Source records
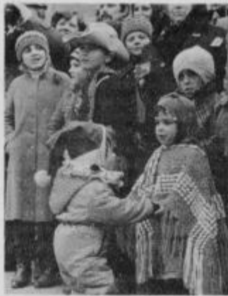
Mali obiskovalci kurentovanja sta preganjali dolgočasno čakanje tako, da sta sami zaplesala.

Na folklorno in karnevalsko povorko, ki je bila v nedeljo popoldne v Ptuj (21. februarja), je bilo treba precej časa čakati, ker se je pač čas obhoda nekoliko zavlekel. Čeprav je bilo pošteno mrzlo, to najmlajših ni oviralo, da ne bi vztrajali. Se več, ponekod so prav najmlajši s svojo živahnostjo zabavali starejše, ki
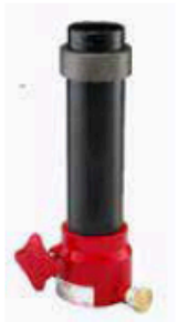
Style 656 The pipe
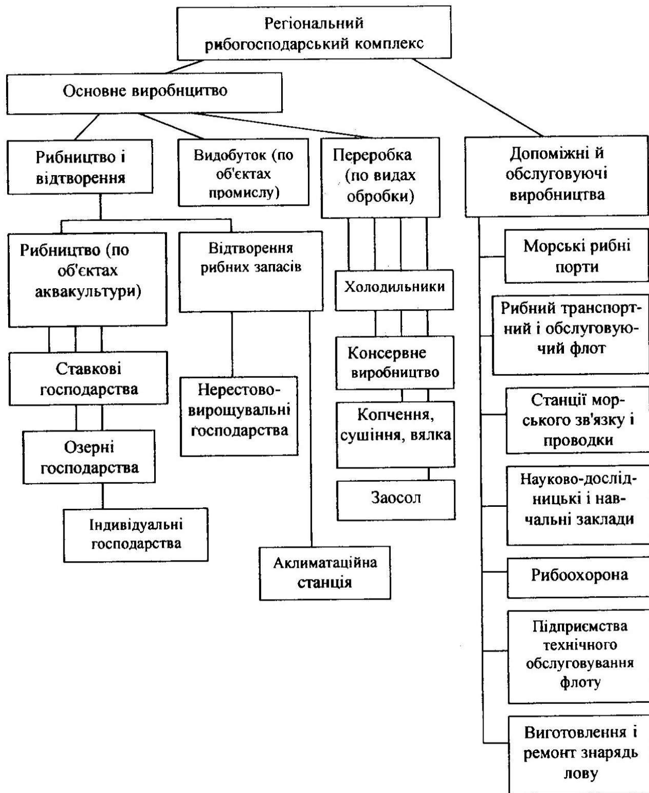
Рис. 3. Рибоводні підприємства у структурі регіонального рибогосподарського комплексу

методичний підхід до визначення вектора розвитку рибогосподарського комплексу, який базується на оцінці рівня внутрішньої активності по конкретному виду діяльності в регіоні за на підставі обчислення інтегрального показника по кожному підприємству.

---

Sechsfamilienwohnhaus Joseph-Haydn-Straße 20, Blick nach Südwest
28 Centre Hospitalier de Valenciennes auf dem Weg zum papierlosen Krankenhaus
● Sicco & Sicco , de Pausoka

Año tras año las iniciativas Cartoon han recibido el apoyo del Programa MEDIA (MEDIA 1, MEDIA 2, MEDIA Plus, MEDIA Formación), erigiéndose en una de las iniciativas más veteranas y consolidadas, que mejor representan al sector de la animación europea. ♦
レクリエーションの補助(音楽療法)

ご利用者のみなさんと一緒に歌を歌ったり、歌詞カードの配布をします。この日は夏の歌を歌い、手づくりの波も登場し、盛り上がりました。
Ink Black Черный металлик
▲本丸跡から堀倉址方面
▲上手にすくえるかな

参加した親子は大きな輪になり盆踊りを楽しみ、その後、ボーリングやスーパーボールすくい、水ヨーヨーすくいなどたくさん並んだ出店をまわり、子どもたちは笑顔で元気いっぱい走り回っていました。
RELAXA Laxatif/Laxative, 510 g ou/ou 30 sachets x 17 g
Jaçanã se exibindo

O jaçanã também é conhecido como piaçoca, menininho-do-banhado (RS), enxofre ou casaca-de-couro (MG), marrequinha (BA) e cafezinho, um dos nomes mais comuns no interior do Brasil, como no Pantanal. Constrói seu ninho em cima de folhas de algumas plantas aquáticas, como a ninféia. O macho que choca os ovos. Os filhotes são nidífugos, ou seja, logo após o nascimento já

What this task involves
From the data above, output only the lines between the line containing "レクリエーションの補助(音楽療法)" and the line containing "Jaçanã se exibindo", inclusive, exactly as written.

Response for this exercise
レクリエーションの補助(音楽療法)

ご利用者のみなさんと一緒に歌を歌ったり、歌詞カードの配布をします。この日は夏の歌を歌い、手づくりの波も登場し、盛り上がりました。
Ink Black Черный металлик
▲本丸跡から堀倉址方面
▲上手にすくえるかな

参加した親子は大きな輪になり盆踊りを楽しみ、その後、ボーリングやスーパーボールすくい、水ヨーヨーすくいなどたくさん並んだ出店をまわり、子どもたちは笑顔で元気いっぱい走り回っていました。
RELAXA Laxatif/Laxative, 510 g ou/ou 30 sachets x 17 g
Jaçanã se exibindo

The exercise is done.